06/17/2021

Introduction

Using JupyterLab on JupyterHub is one excellent web-based solution for the computational needs of a data science course, but it requires substantial efforts on the part of the people maintaining the software and the server, if not a hosted solution.

Another cloud-based solution is using the RStudio Cloud, which eliminates the need for software installation, setup and maintenance. Having students use RStudio in the cloud can minimize setup frustration for both teachers and students.

In this presentation, we demonstrate some key features of the RStudio Cloud for teachers and students who can use both R and Python in the same R Markdown notebook, similar to JupyterLab. For Python one needs the Reticulate R package, which is the R interface to Python.

What is RStudio Cloud?

RStudio Cloud is a hosted solution that provides users with access to the familiar RStudio IDE plus capabilities that make teaching easier. An example would be the ability to set up a Workspace for each course, something like a virtual classroom.

RStudio Cloud makes it easy to:

  • Implement quickly exploratory data analysis and visualizations in the browser.
  • Share projects with your class or research team.
  • Teach data science with R and Python.
  • Learn data science with interactive tutorials.
  • Create virtual classrooms in RStudio Cloud without any IT support.

RStudio Cloud Plans

With RStudio Cloud, there is nothing to set up by Instructors or IT, and no dedicated hardware or software installation is required. Instructors and students only need a browser and Internet access. RStudio Cloud offers:

  • Cloud-Free Plan for casual use, with 15 project hours per month, one shared space with 15 projects.

  • Cloud-Plus Plan for $5 a month, which includes 50 project hours per month, one shared space with 15 projects.

  • Cloud Instructor Plan for $15 a month, which includes 160 project hours per month and unlimited shared spaces and projects.

RStudio Cloud Workspaces and Projects

  • Workspace: Every RStudio Cloud user gets a personal workspace in which to create projects. You can also create private, shared spaces that function as virtual classrooms for courses and workshops.

  • Members: These are the users added by the instructor and they can access a given workspace. Members can be assigned different roles: instructor, student, TA and auditor.

  • Projects: One can create RStudio projects within a workspace that can consist of one or more R Markdown or other files like R and Python scripts. When teaching a class, projects can be used to create assignments, which are shared automatically in the student’s workspace. Instructors can peek into student projects and check on a student’s progress. A base project template can ensure the same packages and data in each new project created in the workspace, propagating forward a consistent environment. Thus, the students do not have to worry about installing any packages and data.

Adding Students to the Class Workspace

It is best to share the class link with your students and set the permission to contributors so that they can join your workspace and create a free RStudio Cloud account to access the virtual classroom. One can also add students manually by inviting the students to join the workspace by email.

The official role names in RStudio Cloud are the following:

  • admin: manage users, view, edit and manage all projects - the instructor role.
  • moderator: view, edit and manage all projects - the TA role.
  • contributor: create, edit and manage their own projects - the student role.
  • viewer: view projects shared with everyone - the auditor role.

The Base Project

Having a base project eliminates the need for students to install any packages!
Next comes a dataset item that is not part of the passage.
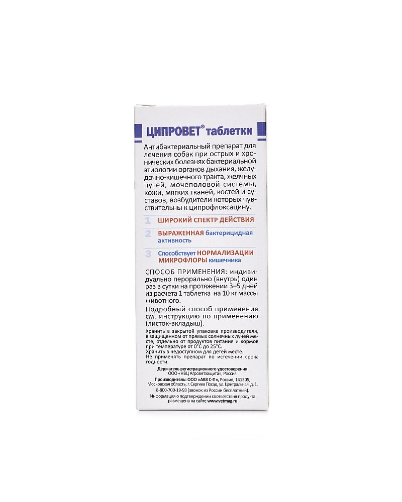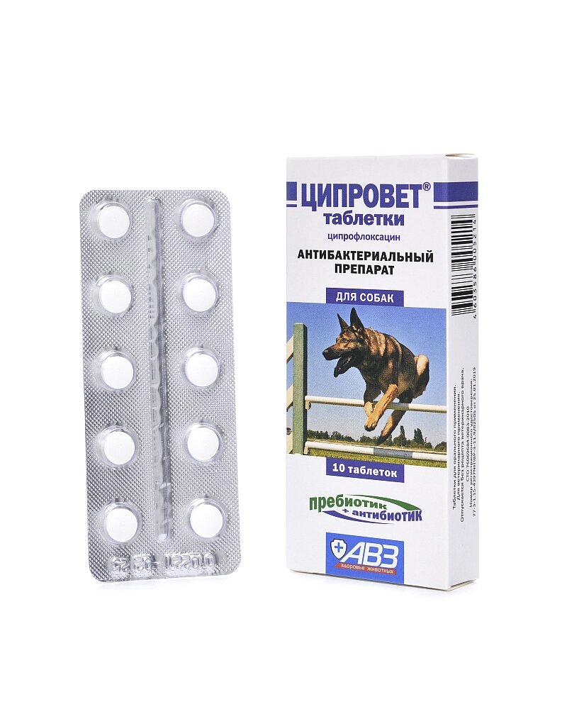 Ципровет антибактериальный препарат для крупных и средних собак. 1 таб./10кг таб. 10шт ООО НВЦ Агроветзащита С.-П. (1473122)

Everything that you install and add to your base project propagates to all future student assignments.

  • R packages you want installed on all future student projects.
  • text or R markdown documents you want to appear in all student projects (e.g. code of conduct, turn-in instructions, etc.).
  • the base project applies to all projects created after the base project has been created, but it doesn’t apply retroactively.
  • the base project can be updated as many times as you like throughout the course, but the changes propagate only forward.

RStudio Cloud Test Class

Collaboration in the RStduio Cloud

The instructor can peek into a student’s project and can edit, write comments and run the student’s code.

Keep in mind though that two people cannot be in the same project (possibly workspace) at the same time. The good news is that this very useful collaboration feature will be rolled out around the end of the year.

Upcoming RStudio Cloud Features:

  • Python integration with Jupyter Notebooks. Expected Fall 2021.

  • Collaborative (simultaneous) editing. Expected end of 2021 or early 2022.

Conclusions

My experience with the RStudio Cloud has been very positive and I find it to be an excellent computational platform for teaching any course that uses R and Python, without the need to maintain a server and software that could be a huge burden on faculty if they don’t get any IT support, which is often the case, especially at smaller Colleges.

Over the last academic year, I used with great success the RStudio Cloud at both the lower and the upper-levels. RStudio (on the cloud and locally) has been a one-stop solution for all my computing and publication needs, both educational and research.

We also have a server and we do want to experiment by installing JupyterHub, RStudio Server Pro and RStudio Connect, but finding the time to do this enormous amount of work, without any IT support, well beyond our teaching, research and service duties is a big challenge.